### Collected data
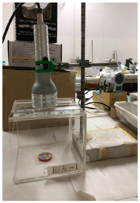 Counts of the beta radiation of sealed Sr-90 and Cl-36 sources were measured in scaler mode for 1 min (i.e., counts per minute) 10 times using the two types of instruments described in Section 2.1; averages were then obtained as indices of the measured values. We performed the experiment five times for each source. When comparing the values obtained for the sources, the background radiation (BG) was subtracted. The radioactivity values of the Sr-90 and Cl-36 sources were 73.5 kBq and 850 Bq, respectively. The distances from the bottom of the source to the surface of the detector instrument were 1.45 cm, 4.45 cm, and 16 cm. A measuring table (PS-202E) from Nippon Raytec was used for the experiments at 1.45 cm and 4.45 cm. For the experiments at 16 cm, a fixture was used instead of the measuring table to ensure geometrically identical conditions. Figure 5, Figure 6 and Figure 7 show the arrangements used for the measurements.
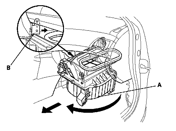 11. Pull the blower unit (A) out while rotating it clockwise as shown, so that the glove box bracket (B) passes through the dust and pollen filter area.
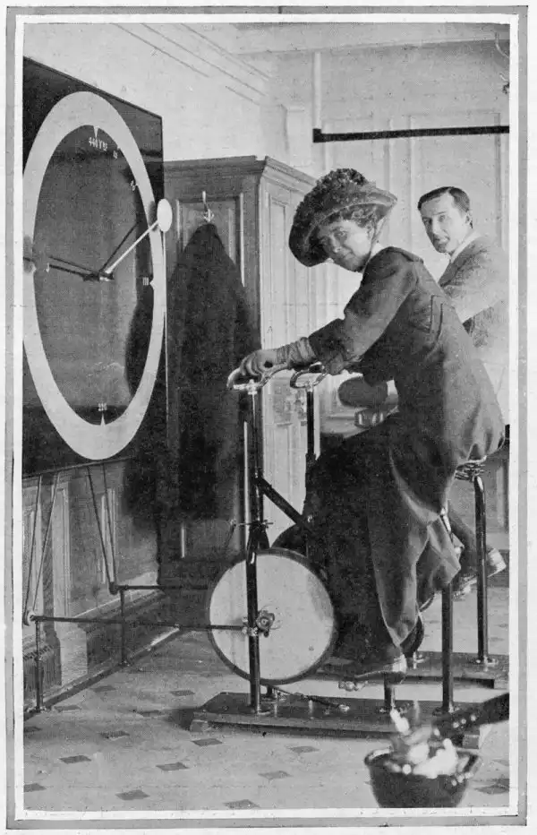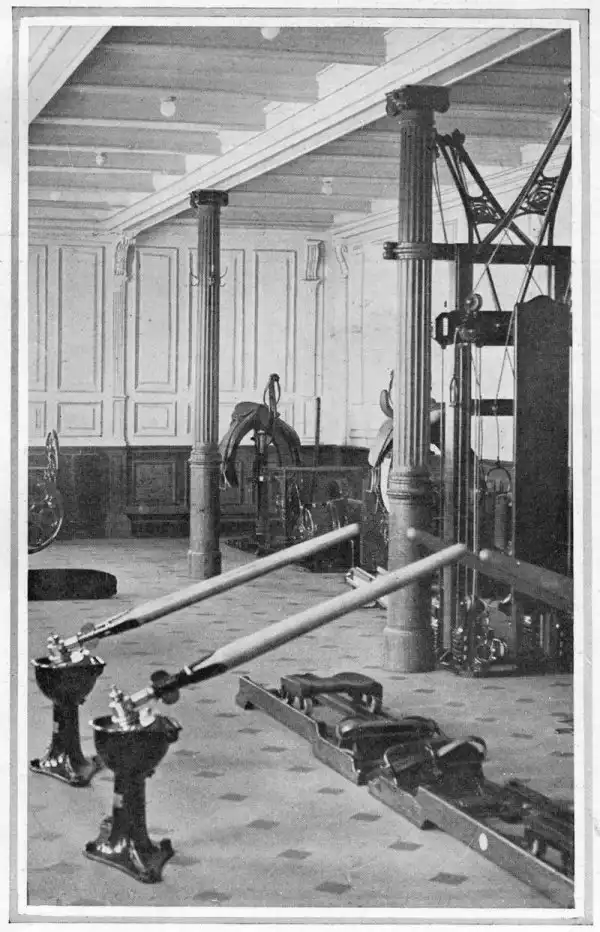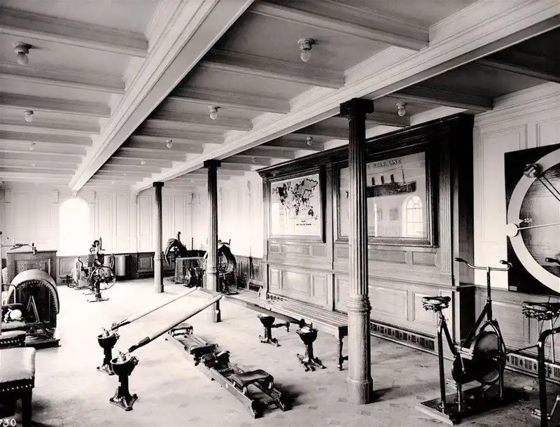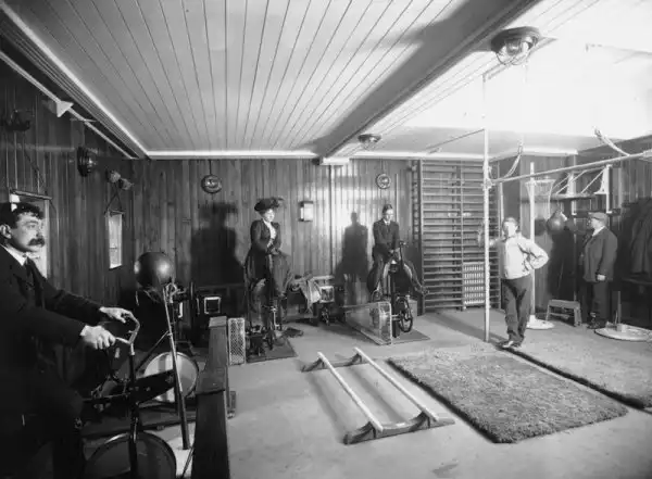 Путешествие несло отнюдь не развлекательный характер и занимало около пяти дней. Пассажирам первого класса на океанском лайнере жилось роскошно. Но при великолепном меню и ограниченных возможностях для прогулок возникла потребность в каких-либо тренировках. Наилучшим спортивным оборудованием оснастили гимнастический зал «Титаника»: гребным тренажёром, силовым противовесом, «электроверблюдом», «электроконём», гирями, боксёрскими грушами, а также велотренажёрами с огромными циферблатами, на которых указывалось пройденное (виртуально) расстояние.
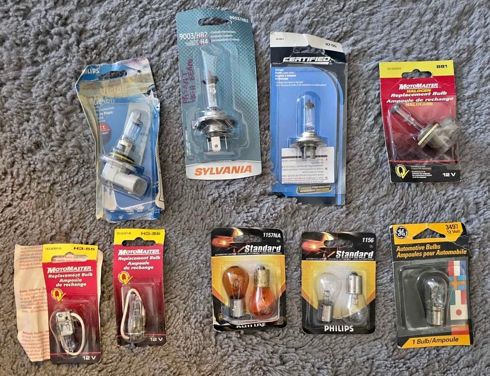 Assorted automotive bulbs: 3297 (12V - 1 bulb), Phillips Standard 1156 (12V - 2 bulbs), Phillips Standard 1157NA (12V - 2 bulbs), Motomaster halogen 881 (12V - 1 bulb), Motomaster h3-55 (12V - 2 bulbs), Phillips Halogen Vision 9006BV Bluevision (1 bulb), Sylvania 9003/HB2/H4 (1 bulb). $5 each, willing to do a deal for multiple bulbs.
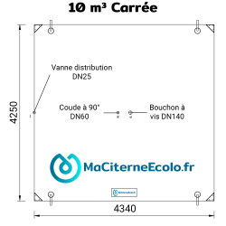 Flexible Zisterne 10m³ quadratisch: Länge 4,34m X Breite 4,25m X Höhe 0,90m
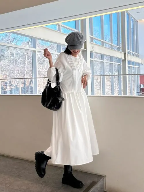 テクスチャーパフフレアワンピース・全4色・b00879
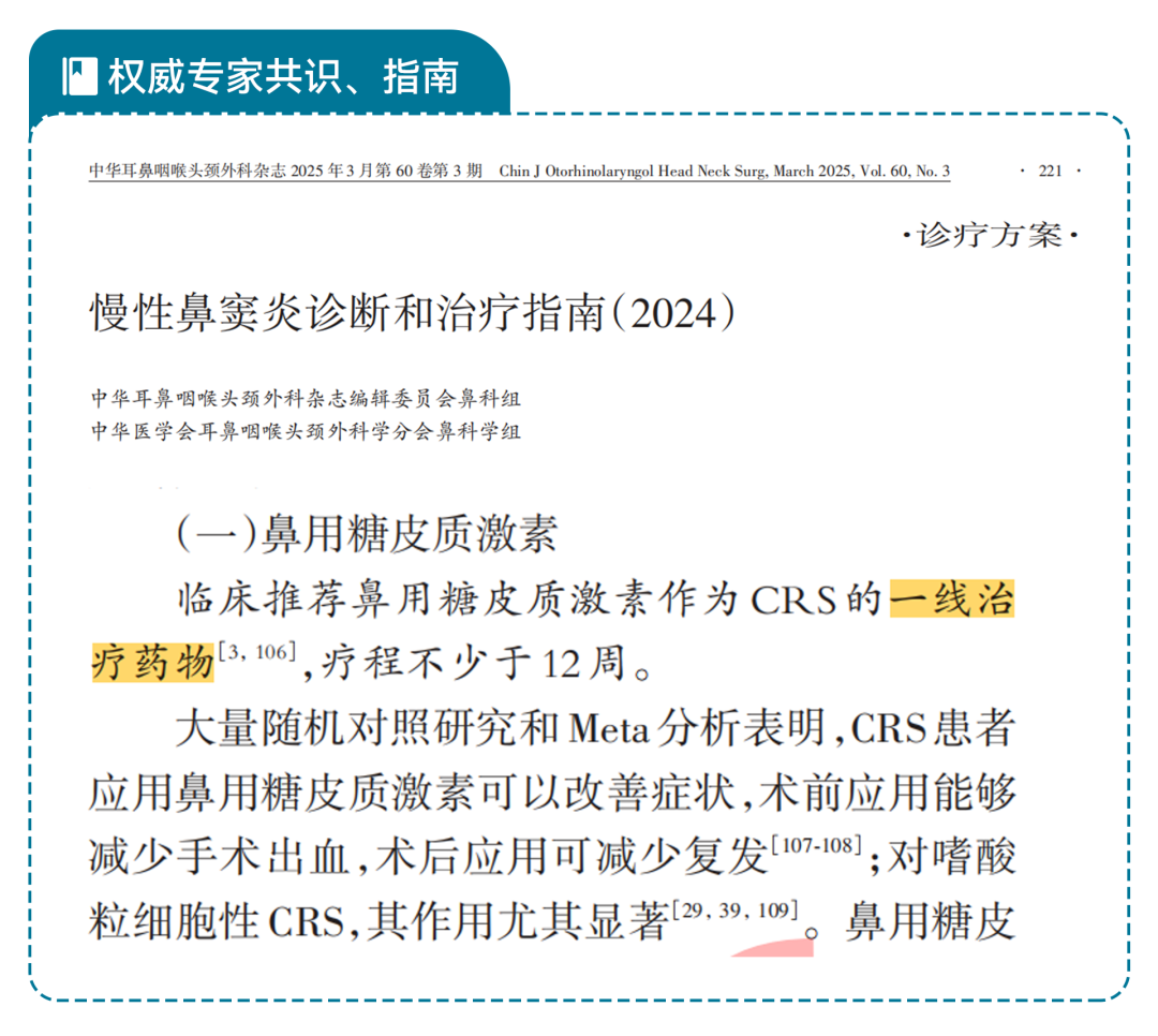 雾化所使用的鼻用糖皮质激素,是慢性鼻窦炎的一线治疗药物。

### ASSIGNED TASK
Copy out all the entries precisely. No images.

### EXERCISE RESPONSE
 Counts of the beta radiation of sealed Sr-90 and Cl-36 sources were measured in scaler mode for 1 min (i.e., counts per minute) 10 times using the two types of instruments described in Section 2.1; averages were then obtained as indices of the measured values. We performed the experiment five times for each source. When comparing the values obtained for the sources, the background radiation (BG) was subtracted. The radioactivity values of the Sr-90 and Cl-36 sources were 73.5 kBq and 850 Bq, respectively. The distances from the bottom of the source to the surface of the detector instrument were 1.45 cm, 4.45 cm, and 16 cm. A measuring table (PS-202E) from Nippon Raytec was used for the experiments at 1.45 cm and 4.45 cm. For the experiments at 16 cm, a fixture was used instead of the measuring table to ensure geometrically identical conditions. Figure 5, Figure 6 and Figure 7 show the arrangements used for the measurements.
 11. Pull the blower unit (A) out while rotating it clockwise as shown, so that the glove box bracket (B) passes through the dust and pollen filter area.
 Путешествие несло отнюдь не развлекательный характер и занимало около пяти дней. Пассажирам первого класса на океанском лайнере жилось роскошно. Но при великолепном меню и ограниченных возможностях для прогулок возникла потребность в каких-либо тренировках. Наилучшим спортивным оборудованием оснастили гимнастический зал «Титаника»: гребным тренажёром, силовым противовесом, «электроверблюдом», «электроконём», гирями, боксёрскими грушами, а также велотренажёрами с огромными циферблатами, на которых указывалось пройденное (виртуально) расстояние.
 Assorted automotive bulbs: 3297 (12V - 1 bulb), Phillips Standard 1156 (12V - 2 bulbs), Phillips Standard 1157NA (12V - 2 bulbs), Motomaster halogen 881 (12V - 1 bulb), Motomaster h3-55 (12V - 2 bulbs), Phillips Halogen Vision 9006BV Bluevision (1 bulb), Sylvania 9003/HB2/H4 (1 bulb). $5 each, willing to do a deal for multiple bulbs.
 Flexible Zisterne 10m³ quadratisch: Länge 4,34m X Breite 4,25m X Höhe 0,90m
 テクスチャーパフフレアワンピース・全4色・b00879
 雾化所使用的鼻用糖皮质激素,是慢性鼻窦炎的一线治疗药物。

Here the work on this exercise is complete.